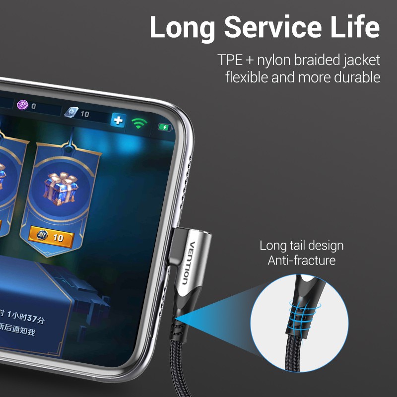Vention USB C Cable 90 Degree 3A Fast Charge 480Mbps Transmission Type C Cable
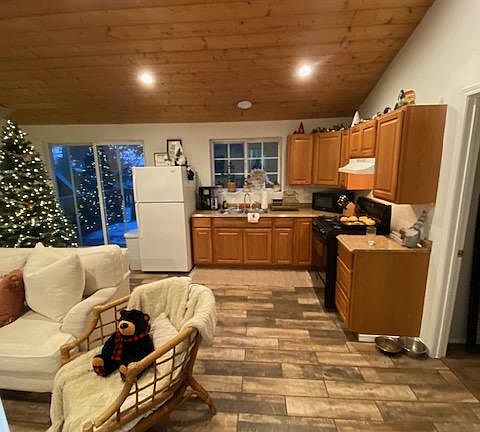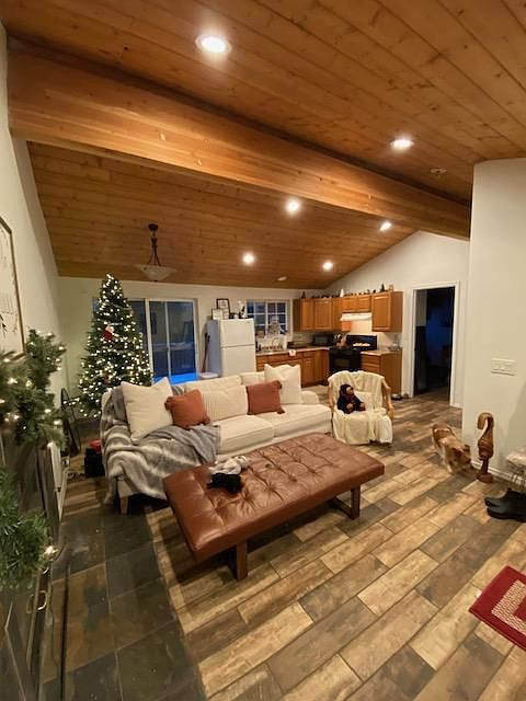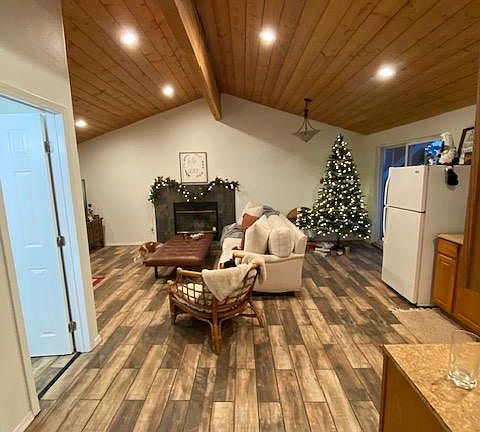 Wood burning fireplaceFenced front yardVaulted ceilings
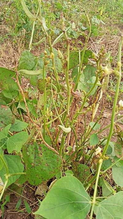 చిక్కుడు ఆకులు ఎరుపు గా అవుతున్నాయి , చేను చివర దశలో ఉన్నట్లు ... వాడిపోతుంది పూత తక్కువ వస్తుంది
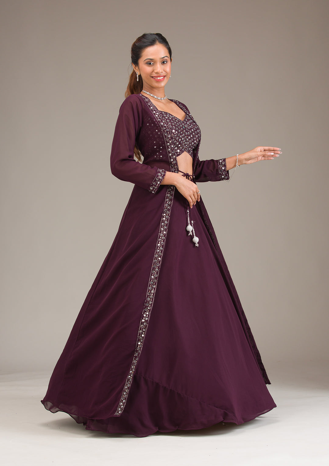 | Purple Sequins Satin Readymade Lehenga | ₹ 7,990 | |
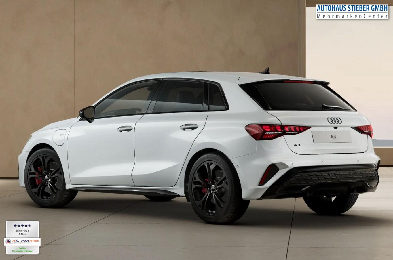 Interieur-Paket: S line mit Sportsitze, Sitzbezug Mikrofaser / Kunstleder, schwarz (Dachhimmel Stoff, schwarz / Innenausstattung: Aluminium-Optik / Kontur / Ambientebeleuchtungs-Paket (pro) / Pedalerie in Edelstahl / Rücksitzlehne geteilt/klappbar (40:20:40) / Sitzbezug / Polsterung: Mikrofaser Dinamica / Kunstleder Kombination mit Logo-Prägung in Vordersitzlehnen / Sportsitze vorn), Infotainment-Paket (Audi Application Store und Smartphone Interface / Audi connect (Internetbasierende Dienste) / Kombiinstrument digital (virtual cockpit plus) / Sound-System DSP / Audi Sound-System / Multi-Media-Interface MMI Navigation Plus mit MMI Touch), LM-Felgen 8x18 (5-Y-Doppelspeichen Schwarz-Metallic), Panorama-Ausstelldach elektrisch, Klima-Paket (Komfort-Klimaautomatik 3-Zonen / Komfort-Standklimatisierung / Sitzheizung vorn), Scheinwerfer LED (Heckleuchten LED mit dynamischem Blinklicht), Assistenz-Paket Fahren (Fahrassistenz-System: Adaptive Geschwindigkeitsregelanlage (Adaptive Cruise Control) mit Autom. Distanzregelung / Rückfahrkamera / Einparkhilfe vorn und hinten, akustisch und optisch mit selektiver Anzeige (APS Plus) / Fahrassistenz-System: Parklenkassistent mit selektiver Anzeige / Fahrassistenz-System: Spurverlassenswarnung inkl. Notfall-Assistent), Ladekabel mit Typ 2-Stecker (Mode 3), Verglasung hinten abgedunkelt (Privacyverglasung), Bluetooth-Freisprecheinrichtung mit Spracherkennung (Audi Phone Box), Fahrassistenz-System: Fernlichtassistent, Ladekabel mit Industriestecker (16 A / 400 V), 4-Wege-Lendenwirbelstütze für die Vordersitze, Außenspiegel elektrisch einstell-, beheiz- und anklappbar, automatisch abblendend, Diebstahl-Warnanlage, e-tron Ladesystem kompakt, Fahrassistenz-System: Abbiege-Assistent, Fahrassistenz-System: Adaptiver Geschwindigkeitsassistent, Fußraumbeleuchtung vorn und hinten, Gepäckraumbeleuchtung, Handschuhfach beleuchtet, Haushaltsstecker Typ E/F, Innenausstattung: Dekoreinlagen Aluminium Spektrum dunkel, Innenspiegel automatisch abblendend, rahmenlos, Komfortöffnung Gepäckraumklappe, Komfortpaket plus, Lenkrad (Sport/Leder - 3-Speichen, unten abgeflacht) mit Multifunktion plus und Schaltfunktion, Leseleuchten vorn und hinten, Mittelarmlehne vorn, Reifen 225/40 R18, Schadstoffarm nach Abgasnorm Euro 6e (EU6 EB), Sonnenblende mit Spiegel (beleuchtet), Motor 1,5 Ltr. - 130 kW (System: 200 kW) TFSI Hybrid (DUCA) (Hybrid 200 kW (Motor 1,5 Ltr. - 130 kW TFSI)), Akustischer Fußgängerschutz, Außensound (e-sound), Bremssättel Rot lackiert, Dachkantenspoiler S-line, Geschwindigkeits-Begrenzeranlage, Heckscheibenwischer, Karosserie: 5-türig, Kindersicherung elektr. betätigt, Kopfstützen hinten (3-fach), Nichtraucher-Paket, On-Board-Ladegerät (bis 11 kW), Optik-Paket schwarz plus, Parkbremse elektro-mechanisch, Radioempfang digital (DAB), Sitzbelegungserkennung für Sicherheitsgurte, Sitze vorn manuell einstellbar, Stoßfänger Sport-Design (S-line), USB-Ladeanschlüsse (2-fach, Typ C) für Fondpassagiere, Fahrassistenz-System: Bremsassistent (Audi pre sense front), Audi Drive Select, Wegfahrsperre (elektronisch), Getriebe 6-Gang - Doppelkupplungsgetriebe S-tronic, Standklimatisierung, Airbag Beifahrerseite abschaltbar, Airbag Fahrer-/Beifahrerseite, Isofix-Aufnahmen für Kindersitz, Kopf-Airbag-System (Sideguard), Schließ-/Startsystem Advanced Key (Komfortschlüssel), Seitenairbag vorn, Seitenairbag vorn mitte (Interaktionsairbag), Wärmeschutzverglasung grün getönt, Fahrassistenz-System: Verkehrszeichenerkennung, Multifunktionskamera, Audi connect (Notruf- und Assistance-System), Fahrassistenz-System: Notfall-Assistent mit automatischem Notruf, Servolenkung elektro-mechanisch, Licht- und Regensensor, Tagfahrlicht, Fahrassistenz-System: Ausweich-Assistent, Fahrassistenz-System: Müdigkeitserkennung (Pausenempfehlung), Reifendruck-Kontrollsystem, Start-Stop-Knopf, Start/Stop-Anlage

...

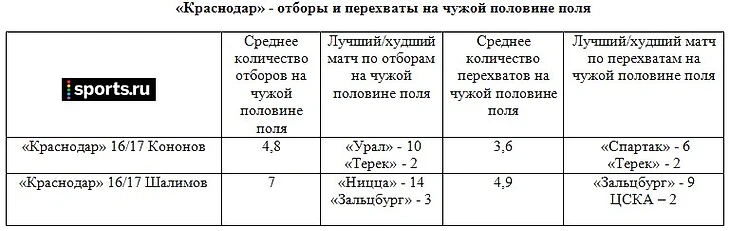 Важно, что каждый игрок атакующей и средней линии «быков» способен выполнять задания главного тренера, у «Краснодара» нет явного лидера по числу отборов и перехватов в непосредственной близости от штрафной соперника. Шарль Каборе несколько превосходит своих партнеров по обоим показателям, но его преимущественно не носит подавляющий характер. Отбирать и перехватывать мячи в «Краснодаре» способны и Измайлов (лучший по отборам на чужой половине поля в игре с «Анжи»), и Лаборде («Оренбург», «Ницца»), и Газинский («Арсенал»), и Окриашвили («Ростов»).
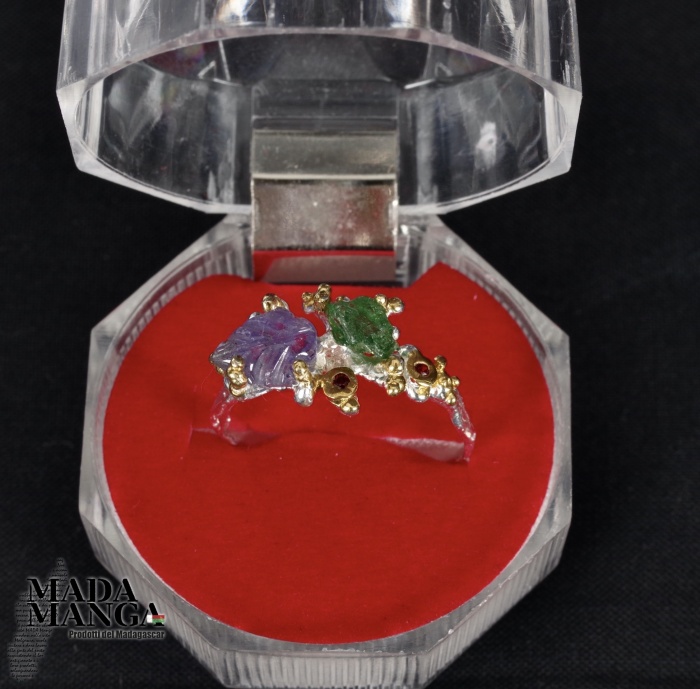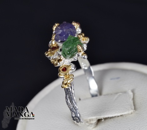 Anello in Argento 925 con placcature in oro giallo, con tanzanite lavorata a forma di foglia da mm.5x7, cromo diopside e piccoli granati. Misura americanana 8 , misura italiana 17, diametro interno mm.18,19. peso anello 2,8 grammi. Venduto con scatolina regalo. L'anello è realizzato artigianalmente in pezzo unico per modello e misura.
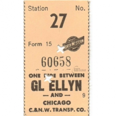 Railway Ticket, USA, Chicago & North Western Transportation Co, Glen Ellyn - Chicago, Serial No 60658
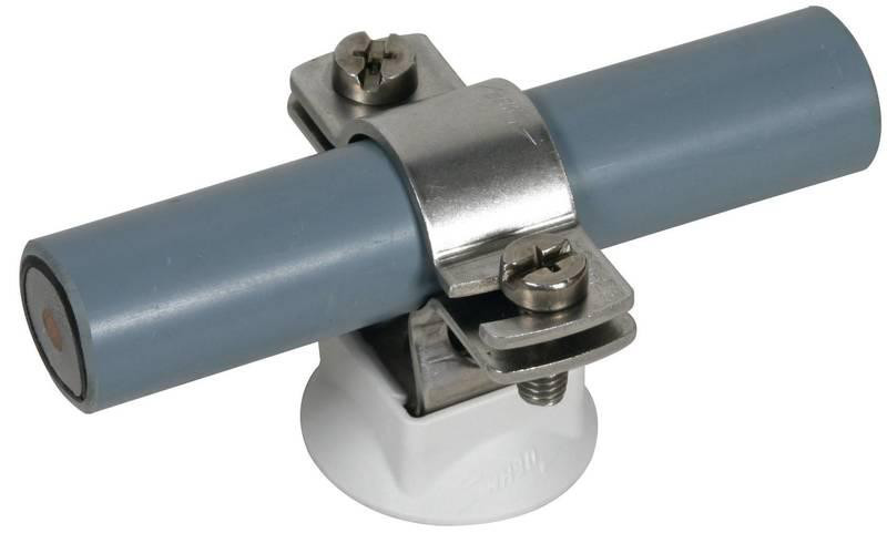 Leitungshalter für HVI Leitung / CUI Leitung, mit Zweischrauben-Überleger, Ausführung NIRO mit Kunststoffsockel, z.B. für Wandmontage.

* * *

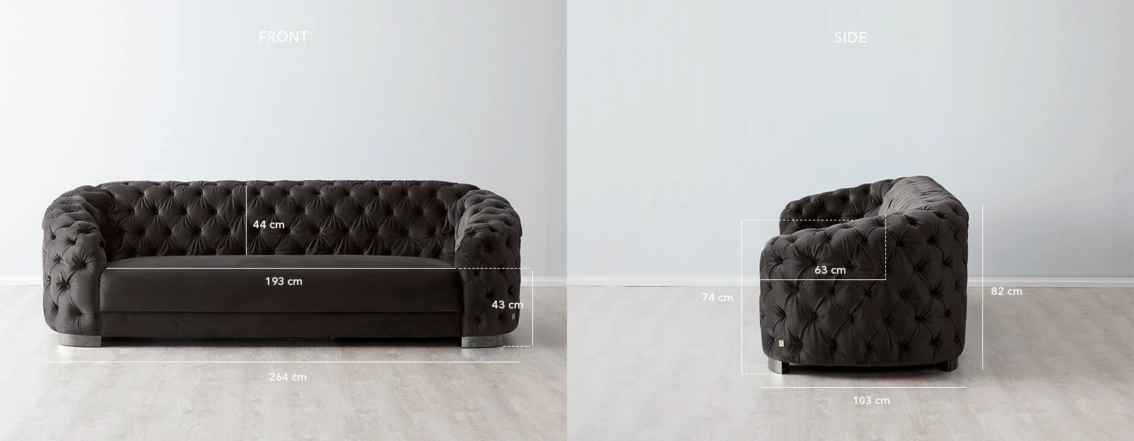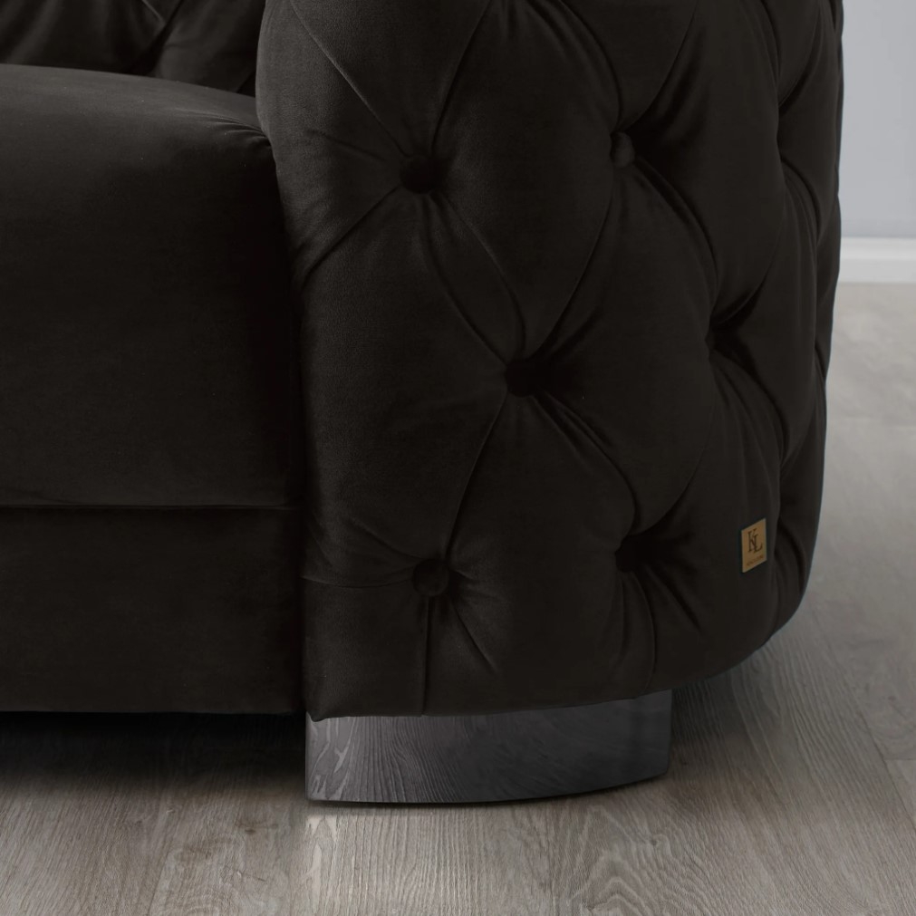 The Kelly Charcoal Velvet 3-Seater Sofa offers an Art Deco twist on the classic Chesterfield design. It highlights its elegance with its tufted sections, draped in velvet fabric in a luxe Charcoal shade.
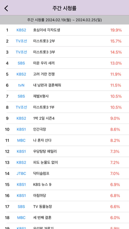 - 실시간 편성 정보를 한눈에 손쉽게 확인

* _Work task_
Both boundary lines included, write out word for word only the lines above from the one containing "Vention USB C" to the one containing "చిక్కుడు ఆకులు ఎరుపు", leaving out any pictures.

* _The answer_
Vention USB C Cable 90 Degree 3A Fast Charge 480Mbps Transmission Type C Cable
 Wood burning fireplaceFenced front yardVaulted ceilings
 చిక్కుడు ఆకులు ఎరుపు గా అవుతున్నాయి , చేను చివర దశలో ఉన్నట్లు ... వాడిపోతుంది పూత తక్కువ వస్తుంది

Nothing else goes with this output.